技術紹介

糖鎖構造プロファイリング技術は、糖鎖への結合特性の違うレクチン（糖鎖に結合するタンパク）を多種類用いることによって実現されます。LecChip™ Ver.1.0においては、45種の異なる特性を持ったレクチンがスライドガラス上に固定化されています。Cy3標識した糖タンパクをレクチンマイクロアレイにアプライし、蛍光のシグナルパターンを糖鎖プロファイラー（GlycoStation™ Reader 1200）で測定します。この測定結果を元に、フィンガープリント認証の原理を用いることによってプロファイリングパターンから、糖鎖構造の推定をすることができます。

詳しくは、参考文献（久野らNature Methods 2 p.851(2005)）をご参照下さい。

下図は、実際のプロファイリングパターンの一例です。

糖鎖プロファイラー GlycoStation™ Reader 1200で用いているエバネッセント波蛍光励起法は、弱い分子間相互作用を検出するのに効果的です。レクチンと糖鎖の相互作用は、抗原抗体反応やビオチンアビジンの反応に比べ、弱いものです（表1参照）。したがって、レクチンに結合しない余分なタンパクを除く為にレクチンマイクロアレイに洗浄工程を入れると、多くのアフィニティー情報は消えてしまいます。

表1：模範的な分子間相互作用のKd値

レクチン-糖鎖	10-3〜10-7
抗原-抗体	10-6〜10-9
ビオチン-アビジン	10-12

よく知られているように、全反射条件下では屈折率の低い側の表面にエバネッセント波が形成されます。エバネッセント波の侵入深さは光の波長程度の領域にあり、その強度は表面からの距離に対して指数関数的に減少していきます。 この性質によって、液層に漂っている糖鎖はエバネッセント波で励起されずに、レクチンと相互作用している糖鎖プローブのみが効果的に励起されます。この技術により、非常に弱い分子間相互作用を、洗浄工程無しに液層のまま、ダイレクトに測定することが可能となりました。この技術は、(独)産業技術総合研究所（AIST: Advanced Industrial Science and Technology）と共同で開発しました。

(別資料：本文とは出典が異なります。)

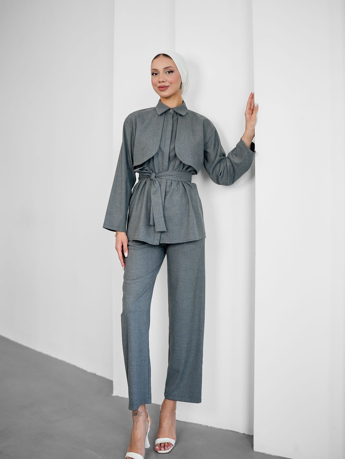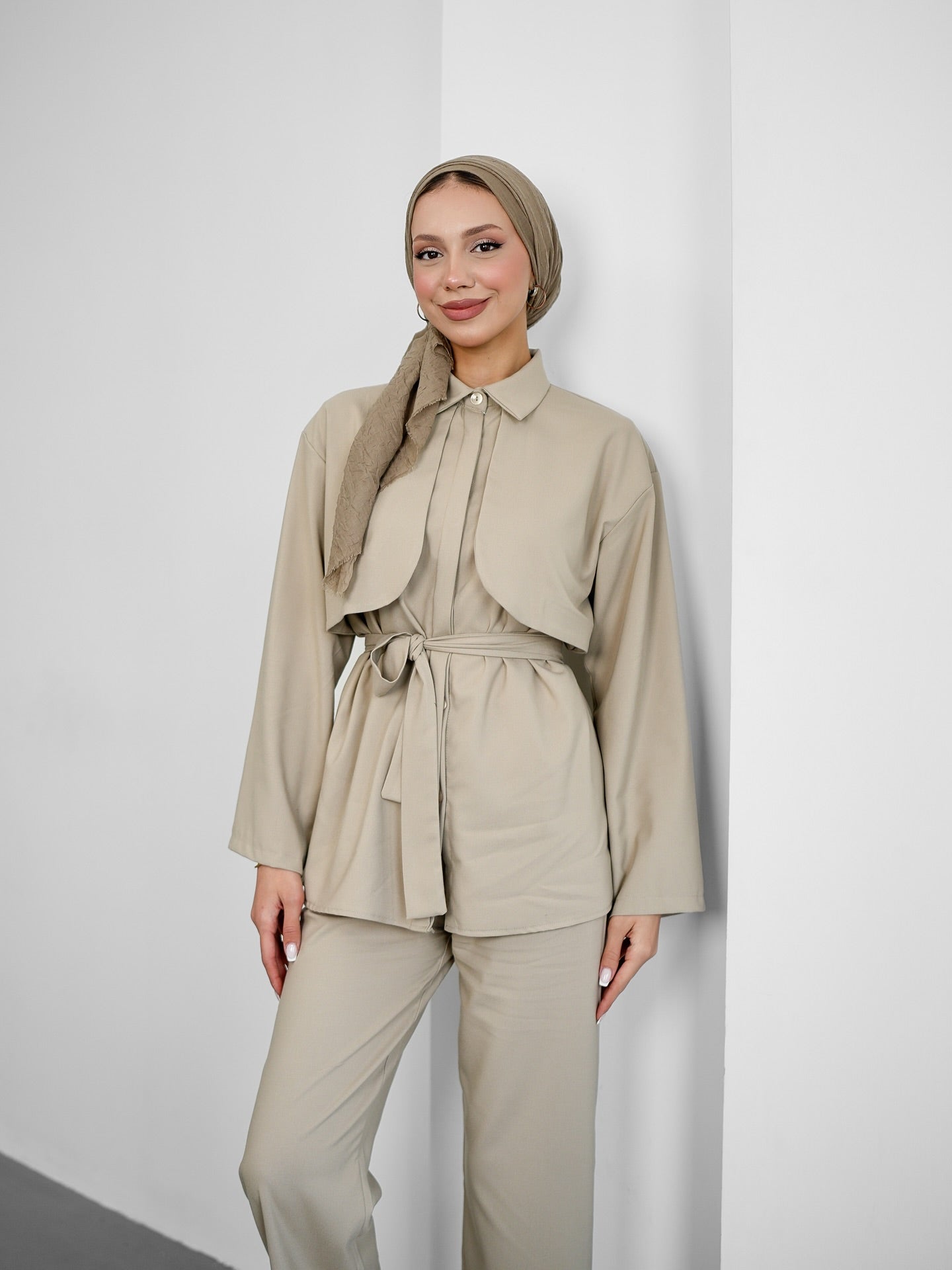 Découvrez notre ensemble modeste femme 2 pièces, composé d’une tunique structurée avec ceinture et d’un pantalon assorti. Une tenue pensée pour allier pudeur, modernité et raffinement, idéale pour la femme élégante qui recherche un style chic et intemporel.
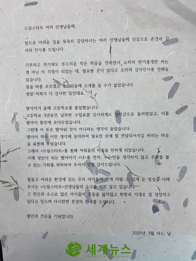 보내온 편지에는 “고등학교 3년 동안 납부한 수업료를 장학금으로 돌려받았고 이 장학금이 필요한 곳에 잘 전달 되어지길 바라는 마음으로 드림스타트에 전하게 되었습니다. 성인이 되는 아이가 자신만을 생각하지 않고 주위를 볼 수 있는 기회를 허락하여 주셔서 정말 감사드립니다.”라고 적혀 있었다.

もう一つの重要なトピックは、(独)産業技術総合研究所で開発された包括的な糖鎖-レクチン相互作用のデータベースです。これは、フロンタルアフィニティークロマトグラフィー（FAC）という手法により測定された1万通りを超えるレクチンと糖鎖の相互作用をもとに作られました。このデータベースは、糖鎖プロファイリングにより得られる複雑なレクチンと糖鎖のアフィニティーパターンから、その糖鎖構造を推定し理解するためには有用なツールとなります。このデータベースに基づいてフィンガープリント認証を行う糖鎖構造解析ソフトウェア(GlycoAnalyser™ Ver1.0)は、GlycoStation™ Reader 1200のオプションとしてご利用頂けます。